Joel Augustus Rogers, Jamaican-American author, journalist, and historian was born on September 6, 1880, in Negril, Westmoreland. According to W.E.B DuBois, No man living has revealed so many important facts about the Negro race as has Rogers.” He moved to the United States in 1906, living first in Chicago and then New York City.

His interest in the history of African Americans led him to pursue studies in history, sociology, and anthropology. Rogers challenged ideas about the social construction of race and identified the links between civilizations. He also traced the achievements of African peoples, including those with mixed European heritage. Rogers was one of the earliest scholars to popularize African history in the 20th century.

Rogers was one of eleven children. His parents, who were of mixed race, worked as a minister and a school teacher. While he and his siblings had only a rudimentary education, his parents emphasized the importance of learning.

Joel Augustus Rogers
Joel Augustus Rogers

Roberts became a naturalized American citizen in 1916 while living in New York City, where he remained for much of his life. A New York resident during the time of the Harlem Renaissance, he was good friends with Hubert Harrison, an activist and intellectual based in Harlem. He returned to Chicago in the 1920s and worked as a Pullman porter and as a reporter for the Chicago Enterprise newspaper. Working as a porter allowed him to travel and continue his education by visiting libraries in the cities he visited.

He self-published several books on his research at this time. His first book was “From ‘Superman’ to Man.” Self-published in 1917, it criticized the belief that African inferiority and the ignorance that fosters racism. Its plot involves a debate between a Pullman porter and a white racist politician from the South and addresses the lack of scientific support for the idea that white people are superior to black people, the lack of black history told from the perspective of black people, and the intermarriage of people of different races throughout history. The book also displays Rogers’ disillusionment with Christianity, viewing it as a “the greatest hindrance” to the progress of black people.
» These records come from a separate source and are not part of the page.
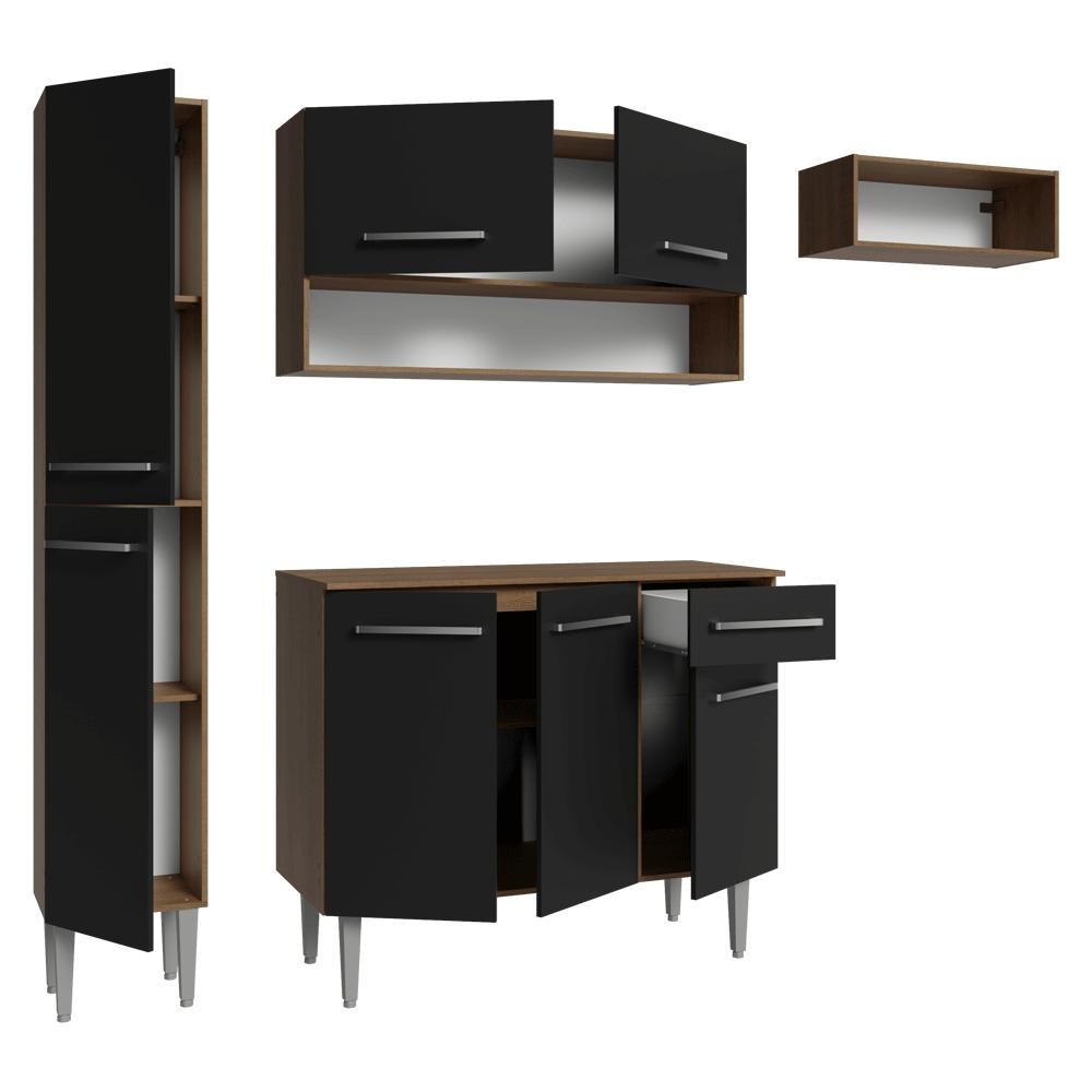Armário de Cozinha Completa 197 cm Rustic/Preto Emilly Madesa 02
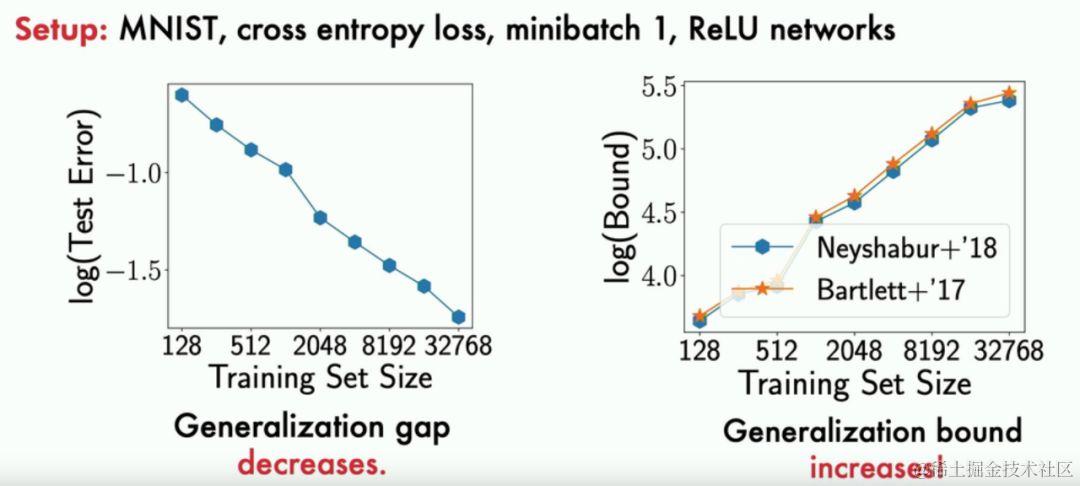 首先,泛化边界竟然随着训练集的增长而增长,这是非常有问题的。因为按照我们的直观理解,当数据集无穷大时,训练误差和测试误差之间差距应该减少到零。Vaishnavh 说:「即使我们观察到随着数据集的增加,测试误差是正常减少的,但泛化边界却反常地扩大。」
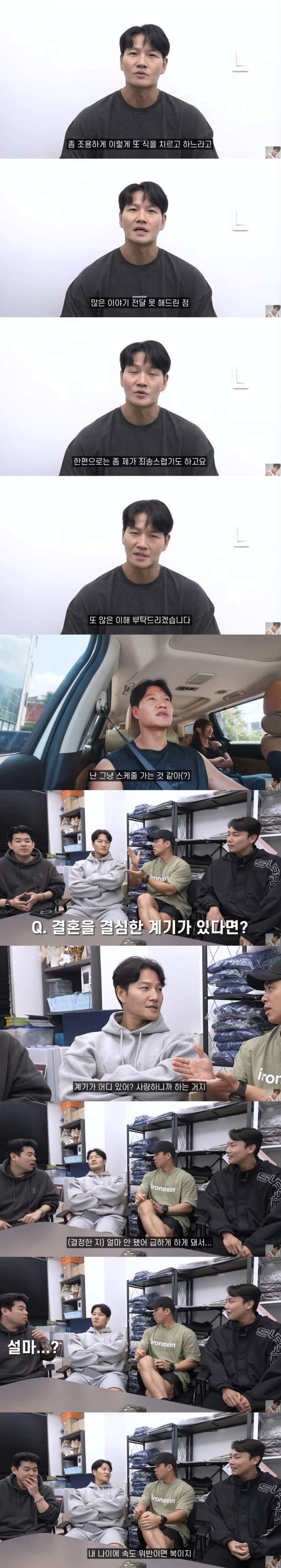(엑스포츠뉴스 이예진 기자) 가수 김종국이 결혼, 아내와 관련해 입을 열고 있다. 나이, 직업, 속도위반 등에 대해 직접 이야기를 전하고 있어 눈길을 끌었다.
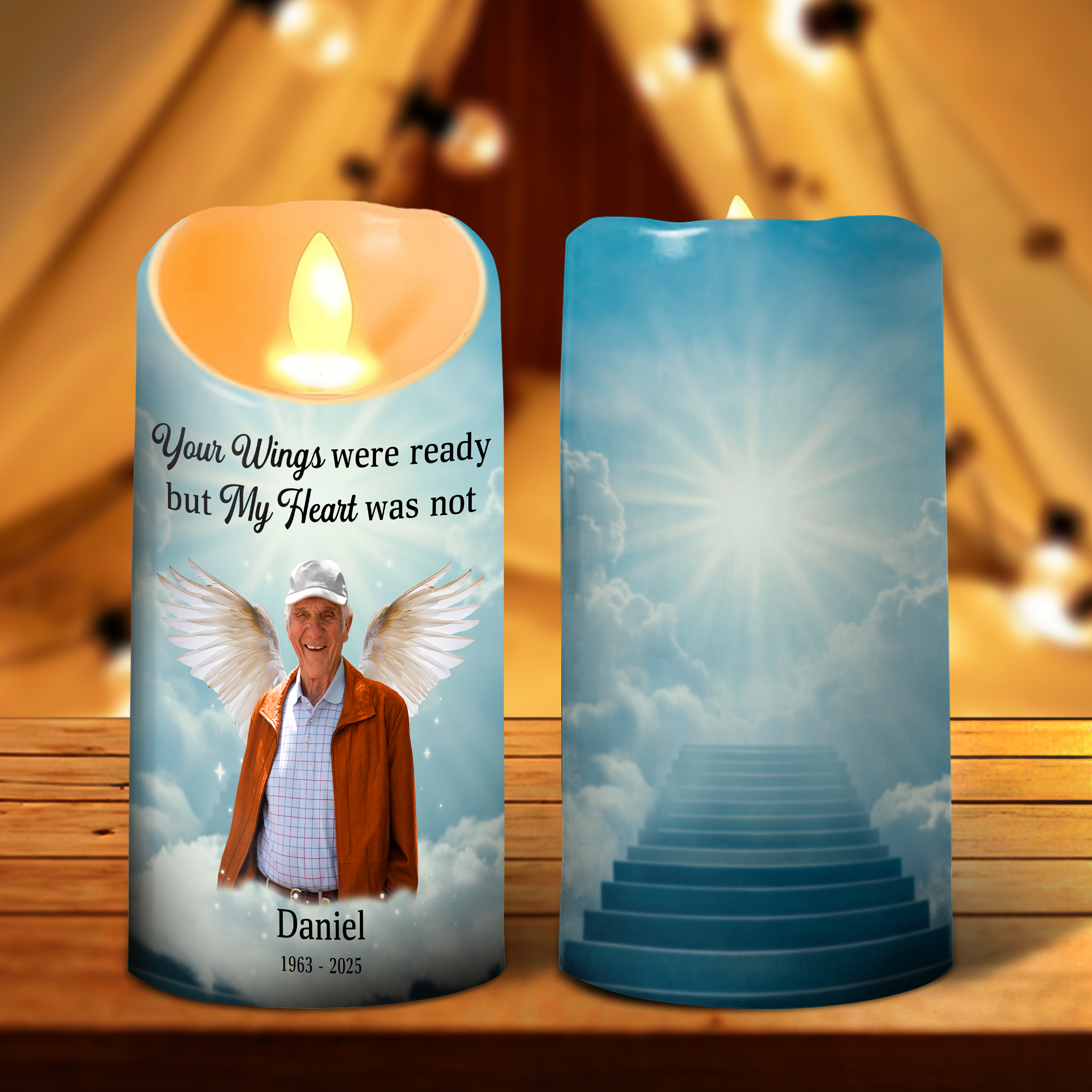 Honor your father's memory with this personalized LED candle, a touching tribute that keeps his spirit alive. The custom photo feature transforms your cherished memories into a glowing memorial that brings comfort during difficult times. This heartfelt sympathy gift creates a warm, flickering ambiance while celebrating the special bond you shared. A meaningful way to remember dad every day.
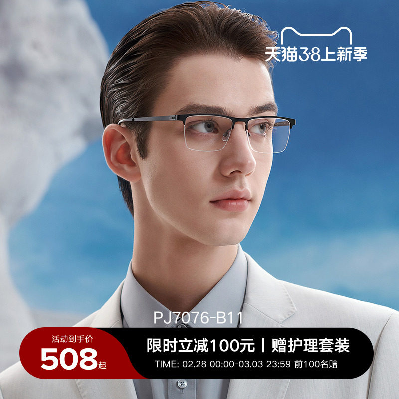 保圣光学架新款近视眼镜框架商务金属半框眼镜PJ7033
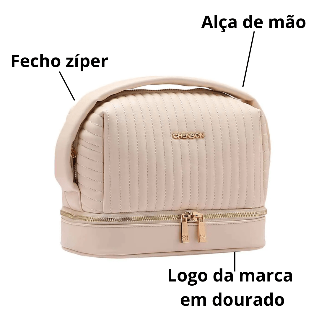 A Necessaire Chenson Nude é a combinação perfeita de funcionalidade e elegância. Desenvolvida para a mulher que não abre mão da praticidade, ela possui uma estrutura rígida e sofisticada, ideal para proteger e organizar seus produtos de beleza, maquiagem e higiene pessoal com a máxima segurança e estilo.

Rogers worked as a journalist during the 1920s at several newspapers, including the Pittsburgh Courier and the Chicago Enterprise. He was also a sub-editor of Marcus Garvey’s Daily Negro Times. He covered numerous important events of his time, including in the coronation of Emperor Haile Selassie I of Ethiopia for New York’s Amsterdam News. He interviewed Marcus Garvey for that newspaper while Garvey was in prison in the US in November of 1926.

Additionally, Rogers worked as one of just two black US war correspondents during World War II. His cartoon history feature “Your History” recounted short items about African Americans that he collected in his research. This feature started in the Pittsburgh Courier in 1934 and, with a name change to “Facts about the Negro” in 1962, it continued even after his death, ending only in 1971.

In his many works based on his research, Rogers refuted the racist beliefs of his time and provided proof that several figures central to history who were assumed to be white Europeans such as Aesop, Cleopatra, and Hannibal, were actually black. He also noted the black ancestry of people like Alexander Pushkin and Alexandre Dumas (the father). Rogers also claimed that a direct ancestor of the British royal family Charlotte of Mecklenburg-Strelitz had a distant ancestor of African origin.

He was a member of professional associations such as the Paris Society of Anthropology, the American Geographical Society, the American Association for the Advancement of Science, and the Academy of Political Science. He died on March 26, 1966, and was survived by his wife, Helga M. Rogers.